Just like a forbidden dream: cherished but not for recall.

The eye of a fish had a fate captured inside:

To be disgorged, displayed and dictated upon a woman

Who was supposed to make her choice.

Oh, that star-crossed bride!

If I really had a choice at the swayamvar,

I would have chosen you,

But you were immune to my charms.

My eyes should have decided my husband,

not the ones of that fish.

But you were immune to my charms.

Your eyes spoke to mine when Karna lifted the bow.

I jilted him, insulted him, crushed his manhood so,

(He must have sworn there to quash the confidence

That this doe-eyed princess drew from a pair of lotus eyes.)

I then wove more dreams in a blue colour

Only to be jolted out of them by a growing murmur

A Brahmin now came forward to test his prowess,

Better than the rest, I conveyed to you, with a hint of coyness

And you assumed I was smitten by the fair-skinned.

But when he hit the fish’s eye, tell me, were you chagrined?
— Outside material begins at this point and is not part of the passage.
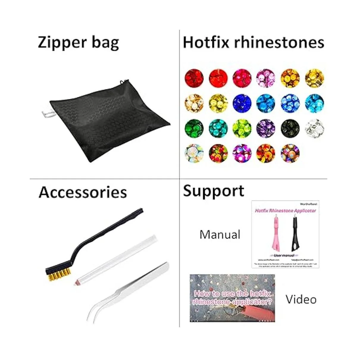 Kit de iniciación todo incluido en 1 bolsa con cremallera: kit de cuentas Badazzbeads que incluye máquina de diamantes de imitación de bolígrafo Hotfix, 6 puntas aplicadoras Hotfix, 1 caja de diamantes de imitación Hotfix en 12 colores sólidos, 1 caja de cristal Hotfix AB y diamantes de imitación transparentes, ambos en 4 tamaños, recogedor de joyas de cera, pinzas, cepillo, soporte de metal, bandejas, manual. Muy cómodo de usar con todas las herramientas necesarias, nunca se ensucia

Arjun was second only to you, Sakha, in form and in speech

But did I deserve a mere consolation? Tell me, I beseech!

You pronounced that I had been won rightfully

To stop the princes who began to resemble a mob.

Arjun was comely, and I was consoled, for you had chosen him.

He was your kin, thought I, and the pain suddenly grew dim.

With you in my heart, Sakha, I allowed Arjun to claim me,

And what did your Arjun do?

He surrendered me to the whims of an aging mother

And unmistakable lust of his elder brother.

Hold my hand, Sakha! Are my five fingers the same?

No, and how can they be?

They are but a reminder of my husbands,

Who turned into a robust fist, united by me.

Five pairs of arms have been known to this body,

But the memory of those blue-skinned ones is still not foggy.

On some days I wondered,

Would it have been better to be one of the thousands?

A princess would then have steered clear of the woodlands.

But tell me, Sakha, how do you distinguish them in dreams?

In mine, even five become faceless, formless, bereft of seams.

Also, what if you cried a wrong name in the throes of passion?

Did the consort forgive, or decide to chasten?

But most importantly, Sakha, tell me why I invite blame and violence,

While you enjoy devotion, love, awe and obeisance?

I’m ridiculed for my five husbands who were thrust upon me

And your thousands of women become a matter of glory?

You are worshipped despite stealing women and inaugurating battles

And I save my husbands’ honour yet am blamed for their troubles.

I stay hungry to feed the clan, and you eat to do the same

What’s more ironical than this: we both share a name.